Editorial

Lasting challenge

The Millennium Development Goals have already been a tremendous success – no matter to what extent they will be achieved by 2015. Never before did any international agenda to fight poverty have such a lasting impact on public debate around the world. The UN has a history of pledges to provide healthcare, primary education or safe water to everyone. But they were never taken seriously enough to remember them ten years later.

The strongest point of the MDGs is that they address poverty in a comprehensive manner. They tackle vital issues such as healthcare, education, food, environmental sustainability and work. To rise to the challenges in all different fields, policymakers need a coherent approach. The MDG agenda cannot be reached merely by throwing money at the problems in sector programmes.

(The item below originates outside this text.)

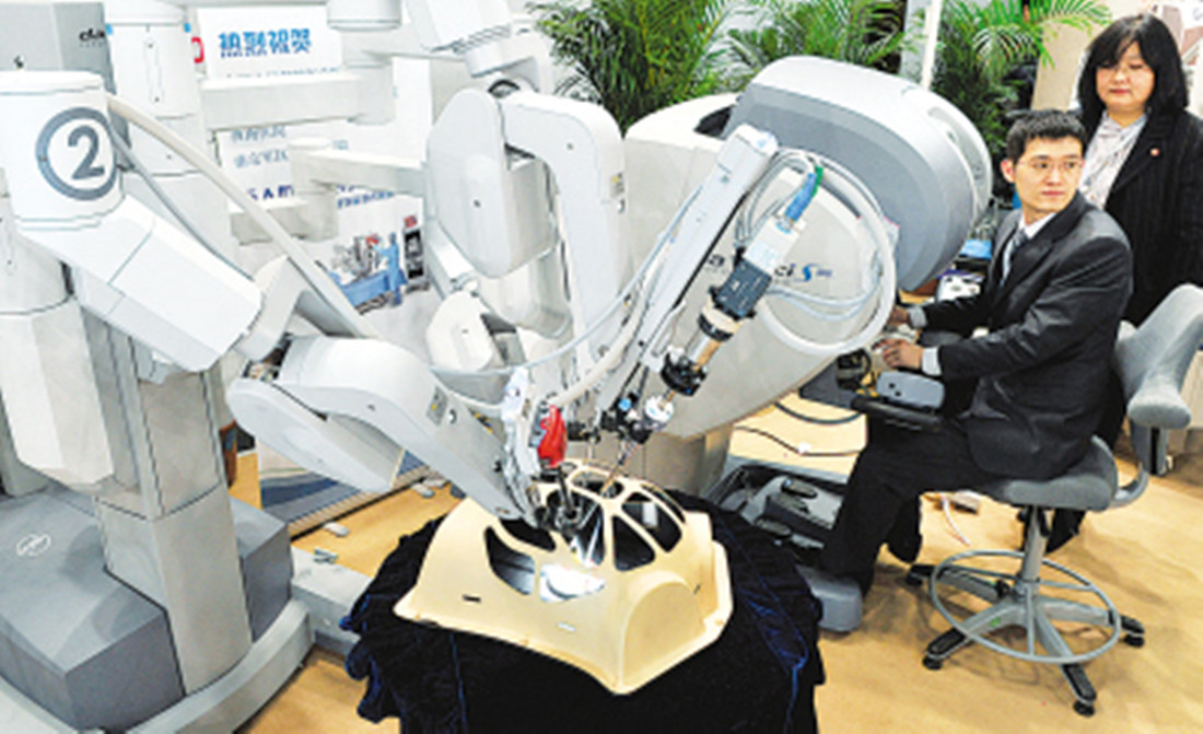 “达芬奇”机器人正在使用机械臂实施手术。它由外科医生控制台、床旁机械臂系统和成像系统三部分组成,能通过计算机系统“过滤”人手抖动,完成超越人手生理极限的动作,将手术创伤最小化。
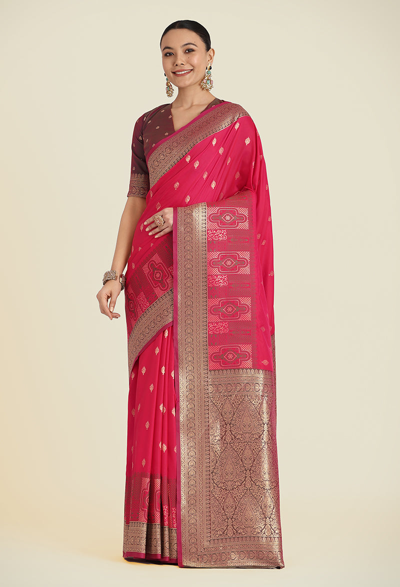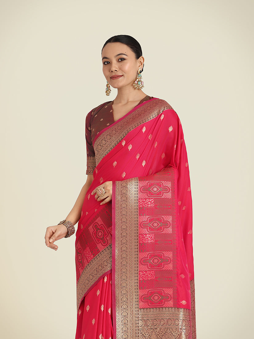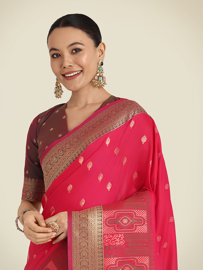 Monjolika Fashion Vogue and pattern would be on the peak of your beauty as soon as you attire this pink color Banarasi Soft silk trendy saree. Look ravishing clad in this dress that's enhanced meenakari and woven work. Comes with matching blouse. (Slight variation in color, fabric & work is possible. Model images are only representative.)

The MDG’s weak point thus corresponds to its strong one. They are ultimately about symptoms of poverty. They do not provide leaders with the keys to flourishing markets and prospering communities. No doubt, policies must still be drafted in national ownership, and international aid cannot compensate for shortcomings of governance.

The first decade of the new Millennium started promisingly. Spectacular economic growth in Asia led to fast rising commodity demand. As prices for mineral and agricultural raw materials rose, the economies of many developing countries in all parts of the world began to expand. For several years, things looked bright. New business opportunities arose, companies were making solid profits and, small wonder, poverty was in decline.

It didn’t stay that way. First, a severe food crisis struck in early 2008. Cereal prices were driven up by demand from rich nations that started to invest in biofuels and from emerging-market countries, where many people became able to afford fancier food, including meat, the production of which depends on feedstuff. Suddenly, staple food became unaffordable for masses of people in developing countries. This trend showed that poverty is sometimes exacer­bated in spite of economic growth.

Next came the global financial crisis. Though the group of – by now 20 – leading economies managed to coordinate their action and prevent a global depression, the crisis is far from over. This year, it flared up in Greece’s and Ireland’s sovereign debt problems and in an international debate on “currency wars” with irritating, protectionist undertones. It remains to be seen how the international community will eventually disentangle itself from the massive failure of the financial sector in 2008.

The most depressing story, however, is that there is hardly any progress on mitigating climate change. This human-made phenomenon is a fact of physics. Scientists understand that the impact will be tremendous – without being able to tell just how bad things will be. Pakistan’s floods and Russia’s forest fires in summer were harsh omens – and only the most spectacular cases of extreme weather hurting peoples’ livelihoods this year.

Progress in achieving the MDGs is welcome, indicating a decline in the symptoms of poverty. But progress on climate protection would be at least as important, because otherwise targets will only become more difficult to achieve in future. Let’s hope that world leaders move ahead in Cancún. The run up to that summit, however, was less than promising.